Apesar de economista, Gilberto Nogueira é um simpático participante da atual edição do Big Brother Brasil. Conversando com outros participantes, em um inusitado papo-cabeça para o programa, o aluno do doutorado em Economia da Universidade Federal de Pernambuco (UFPE) compartilhou o resultado de um estudo que concluíra que regiões que mais utilizaram a escravidão acabaram tendo um crescimento econômico menor no longo prazo. O que aconteceu?
Com base na lição de Gilberto, outros participantes deram sequência à conversa: para eles esses locais sofreram com uma espécie de carma, uma vingança do universo contra a escravidão. No Econtwitter, a bolha que discute economia naquela rede social, usuários especularam que a referência era na verdade a pesquisa do economista armênio-americano Daron Acemoglu, do Instituto de Tecnologia de Massachusetts (MIT).
O trabalho de Acemoglu, já citado aqui nesta coluna, dá especial ênfase ao papel das “instituições” para o desenvolvimento econômico. Nesta acepção, instituições não são pessoas jurídicas ou órgãos do governo, mas um conjunto de regras que regem o funcionamento da sociedade – sejam as regras formais (como leis) ou informais.
Nesse sentido, a escravidão teria levado a instituições pouco amigáveis ao crescimento econômico no longo prazo. No jargão, instituições mais extrativas (em que elites improdutivas extraem a riqueza do país por meio de privilégios) do que inclusivas (em que as regras do jogo recompensam o esforço e o talento dos cidadãos). Com o cientista político James Robinson (Universidade de Chicago), Acemoglu popularizou os conceitos no best-seller Por que as Nações Fracassam.
A relação entre instituições e escravidão é aprofundada no estudo empírico Encontrando Eldorado. Nele, Acemoglu, Robinson e Camilo García-Jimeno detectam que regiões mineradoras da Colômbia, que demandavam mais trabalho escravo, viviam séculos depois com indicadores piores de pobreza, vacinação e educação – além de desigualdade.
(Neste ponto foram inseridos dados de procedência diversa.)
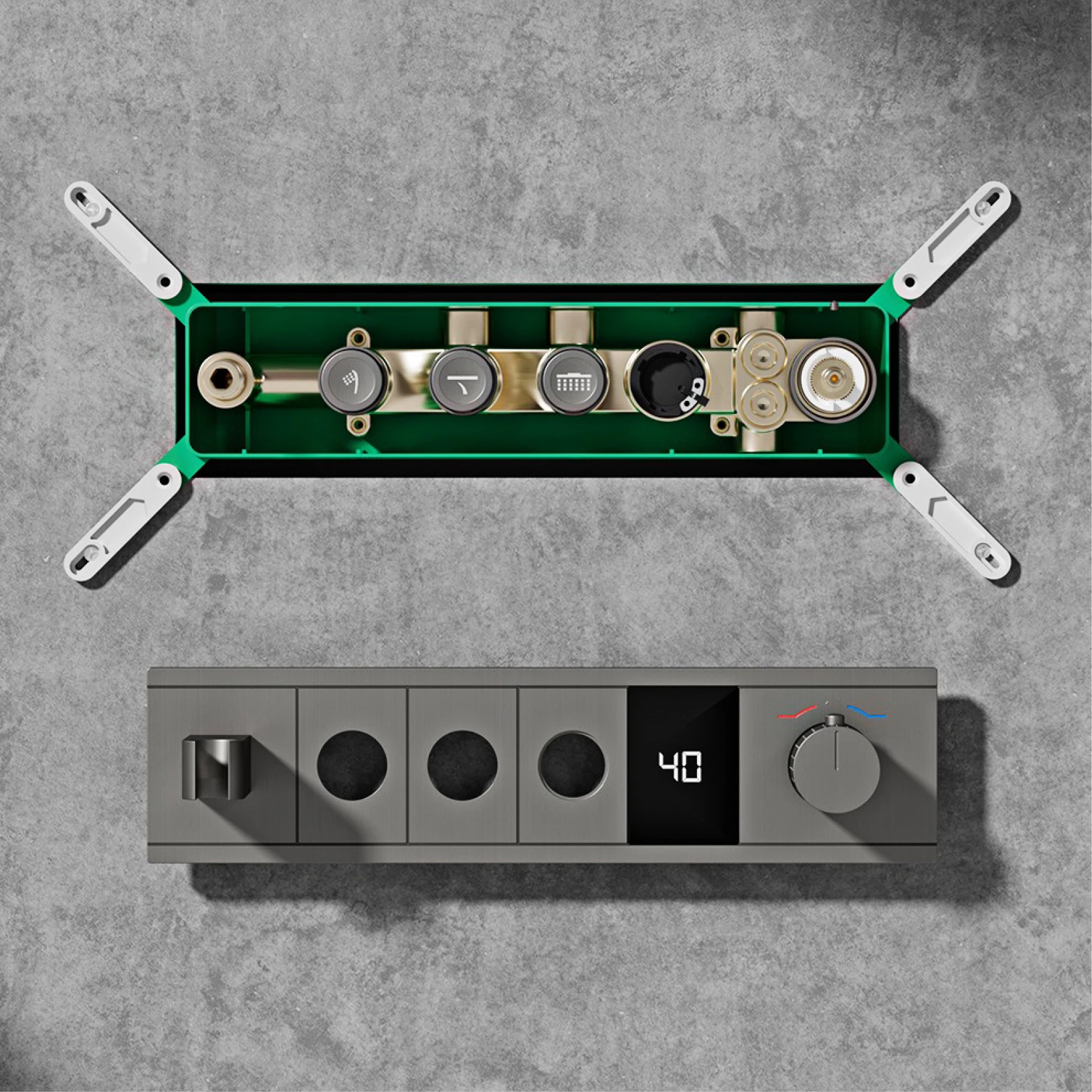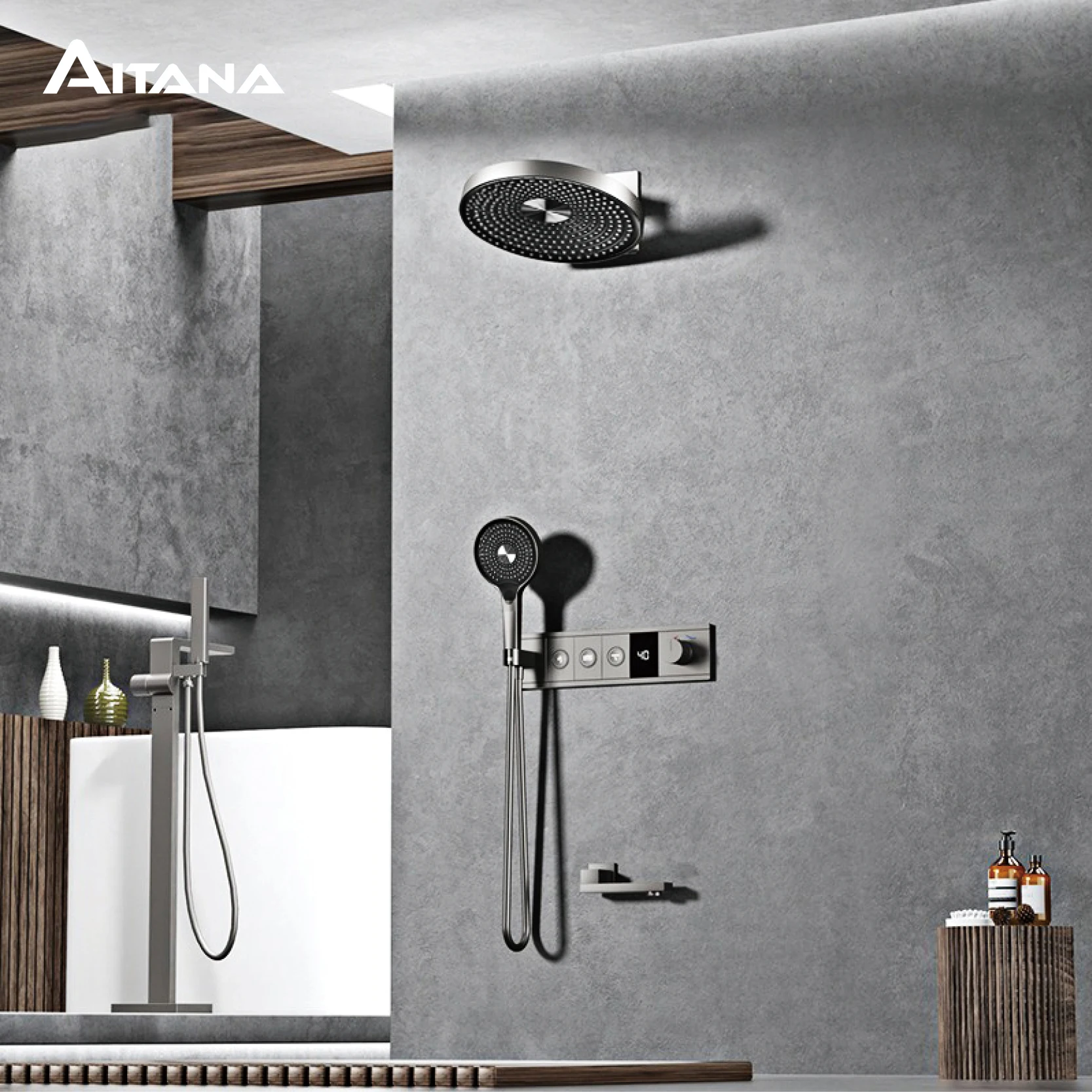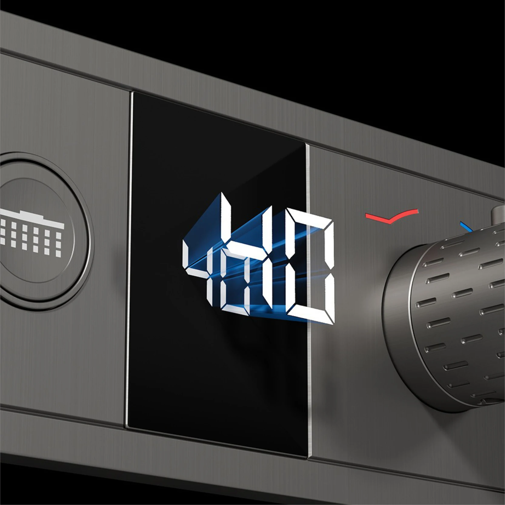 หรูหราปืนทองเหลืองสีเทาเพดานฝักบัวอาบน้ําอุณหภูมิคงที่ระบบจอแสดงผลดิจิตอล LED น้ําร้อนและเย็นฝังก๊อกน้ําห้องน้ํา

Com os métodos quantitativos apropriados, os autores descartam que os indicadores reflitam outras influências daquele período. Concluem que “os efeitos persistentes da escravidão são provavelmente devido em grande parte ao complexo institucional que apoiava a escravidão”. Para piorar, os efeitos parecem até ter piorado ao longo do tempo.
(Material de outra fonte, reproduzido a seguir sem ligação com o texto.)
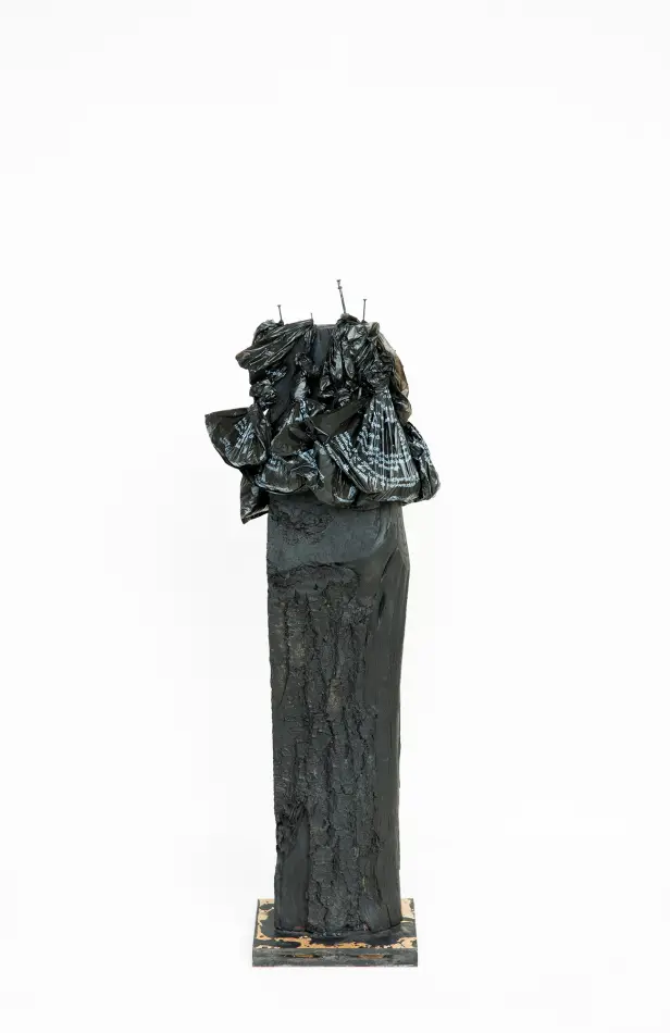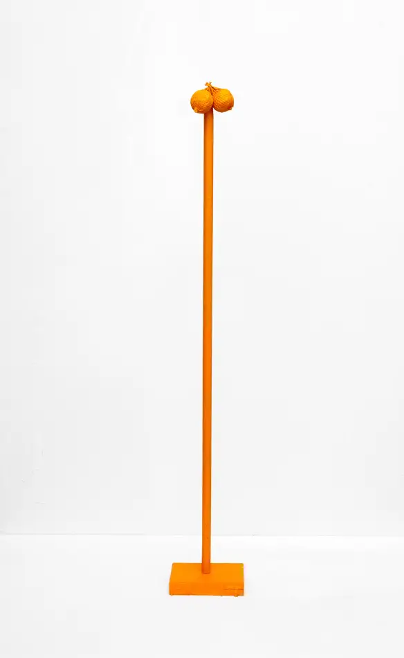 Deténte Absolue, 2019wooden sacks, iron, and spray paint108 x 30 x 30 cm
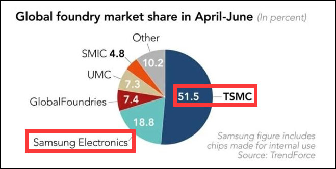 今年二季度,在全球晶圓代工領域,台積電份額過半,而三星佔有率不到二成。
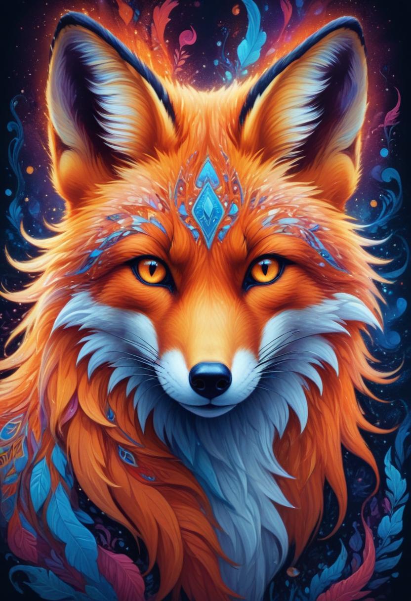 Orange fox with blue feathers

Economistas brasileiros também têm feito um esforço em anos recentes em compreender como a escravidão afetou o País no longo prazo, inclusive pelo seu papel de moldar as instituições. De 2017, o estudo de Humberto Laudares (Universidade de Genebra), Thomas Fujiwara (Princeton) e Felipe Valencia Caicedo (Vancouver School of Economics) aponta para os efeitos persistentes da escravidão sobre a desigualdade. Cada 1% a mais na participação de escravos na população de um município em 1872 estaria associado a um aumento hoje de mais de 0,10 no Índice de Gini. Nesse índice, de 0 a 1, quanto maior o valor, maior é a desigualdade de renda.
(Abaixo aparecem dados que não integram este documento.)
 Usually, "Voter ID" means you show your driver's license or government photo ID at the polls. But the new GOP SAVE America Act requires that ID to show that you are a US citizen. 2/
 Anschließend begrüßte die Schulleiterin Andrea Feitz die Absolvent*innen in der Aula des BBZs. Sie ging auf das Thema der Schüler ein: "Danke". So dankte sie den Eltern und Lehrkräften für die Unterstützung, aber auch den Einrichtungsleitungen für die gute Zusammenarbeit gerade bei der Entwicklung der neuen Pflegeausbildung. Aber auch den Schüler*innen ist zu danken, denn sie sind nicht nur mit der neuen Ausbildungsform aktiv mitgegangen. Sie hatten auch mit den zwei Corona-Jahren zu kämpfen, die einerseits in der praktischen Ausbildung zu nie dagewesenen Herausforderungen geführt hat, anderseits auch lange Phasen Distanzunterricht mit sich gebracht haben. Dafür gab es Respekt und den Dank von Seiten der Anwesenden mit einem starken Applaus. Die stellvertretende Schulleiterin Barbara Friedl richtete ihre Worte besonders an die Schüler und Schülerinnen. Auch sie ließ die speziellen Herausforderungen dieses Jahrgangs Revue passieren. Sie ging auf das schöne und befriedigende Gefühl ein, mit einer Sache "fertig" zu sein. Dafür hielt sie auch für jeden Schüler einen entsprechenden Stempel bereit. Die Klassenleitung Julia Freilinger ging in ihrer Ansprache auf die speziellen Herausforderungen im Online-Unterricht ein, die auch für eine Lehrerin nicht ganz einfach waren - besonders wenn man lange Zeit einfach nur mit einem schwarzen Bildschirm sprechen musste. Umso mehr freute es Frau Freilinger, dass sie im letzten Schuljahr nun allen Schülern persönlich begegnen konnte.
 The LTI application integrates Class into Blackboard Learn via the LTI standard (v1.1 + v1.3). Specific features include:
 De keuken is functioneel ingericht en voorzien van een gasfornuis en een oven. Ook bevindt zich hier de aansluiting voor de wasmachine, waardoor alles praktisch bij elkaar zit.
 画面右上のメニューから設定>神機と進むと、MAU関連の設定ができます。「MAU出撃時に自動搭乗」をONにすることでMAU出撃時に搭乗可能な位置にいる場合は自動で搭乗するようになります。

Mais recentemente, Thales Pereira, Leonardo Weller (ambos da Escola de Economia de São Paulo da Fundação Getúlio Vargas), Nuno Palma (Universidade de Lisboa) e Andrea Papadia (Universidade de Bonn) mostraram como a escravidão prejudicou o processo de industrialização do País. A existência de escravos teria atrasado esforços de alfabetização e a própria imigração: “Não há evidências de que a escravidão beneficiou as sociedades que dependiam amplamente dela. Não só a escravidão é abominável de uma perspectiva normativa moderna, mas também teve consequências negativas para o desenvolvimento: enquanto os proprietários de escravos e alguns poucos setores lucraram com isso, a sociedade em geral perdeu.”
Esses estudos quantitativos vão ao encontro de visões de outros cientistas sociais e da percepção de muitos cidadãos: a escravidão não ficou em nosso passado. Como fazer com que esse legado não seja uma sentença?